Bufera sul concorso presidi del 2017. Nei prossimi giorni il Consiglio di Stato sarà chiamato a pronunciarsi sul concorso per dirigenti scolastici, annullato dal Tar Lazio con sentenza poi sospesa. In questo procedimento Lucia Azzolina si trova nella doppia veste di ministro dell’Istruzione e di vincitrice della stessa procedura, quindi doppiamente parte in causa. E nella vicenda figurano diversi nomi di Terra di Lavoro. A cominciare da quello del sindaco di Alvignano Angelo Francesco Marcucci (commissario in questo concorso in quanto alto funzionario del ministero dell’Istruzione in quiescenza). Spunta anche quello della dirigente scolastica (assessore all’Istruzione nel capoluogo) Adele Vairo, con il padre Felice Vairo (a sua volta dirigente scolastico in pensione). E quelli delle vincitrici dello stesso concorso Michela VisoneMargherita Ricciardi e Anna Dello Buono.

La battaglia del comitato “Trasparenza è partecipazione”

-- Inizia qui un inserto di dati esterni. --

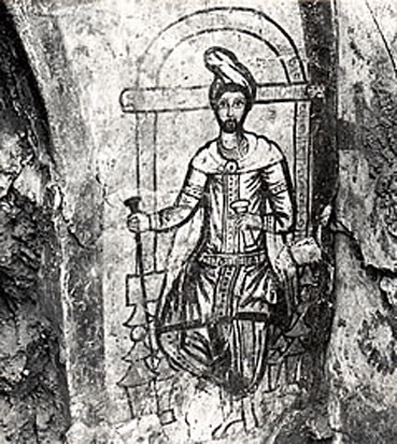 A fő kultuszképen Mithras alakja a hagyományos ábrázolásmóddal megegyezik.
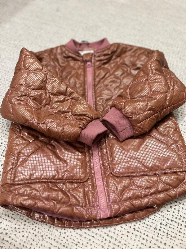 Легка демісезонна куртка. Застібка на блискавці. Дві кишені. Рукава оформлені манжетами. Голографічний єфект. На стьобаній підкладці. Гладка підкладка. Заміри: -плечі- 36,5 см; -рукав- 33 см; -груди-38,5 см; -висота спереду- 43 см; -висота ззаду-46 см.

A portare avanti la battaglia giudiziaria è il comitato “Trasparenza è partecipazione”. I ricorrenti hanno ottenuto l’annullamento della procedura nel luglio 2019 per diverse irregolarità. “I vincitori, però, restano al loro posto, grazie alla sospensione degli effetti della sentenza disposta dallo stesso Consiglio di Stato. Fra i vincitori c’è la Azzolina, all’epoca del concorso deputato e componente della commissione Cultura. Dopo un anno dalla prima assunzione in ruolo, è stato disposto lo scorrimento della graduatoria e l’assunzione degli idonei. Questo grazie a un emendamento di Italia Viva. Ed è stata la stessa Azzolina a “blindare” il concorso, impedendo l’accesso completo agli atti, senza curarsi di quanto disposto dal Tar del Lazio”.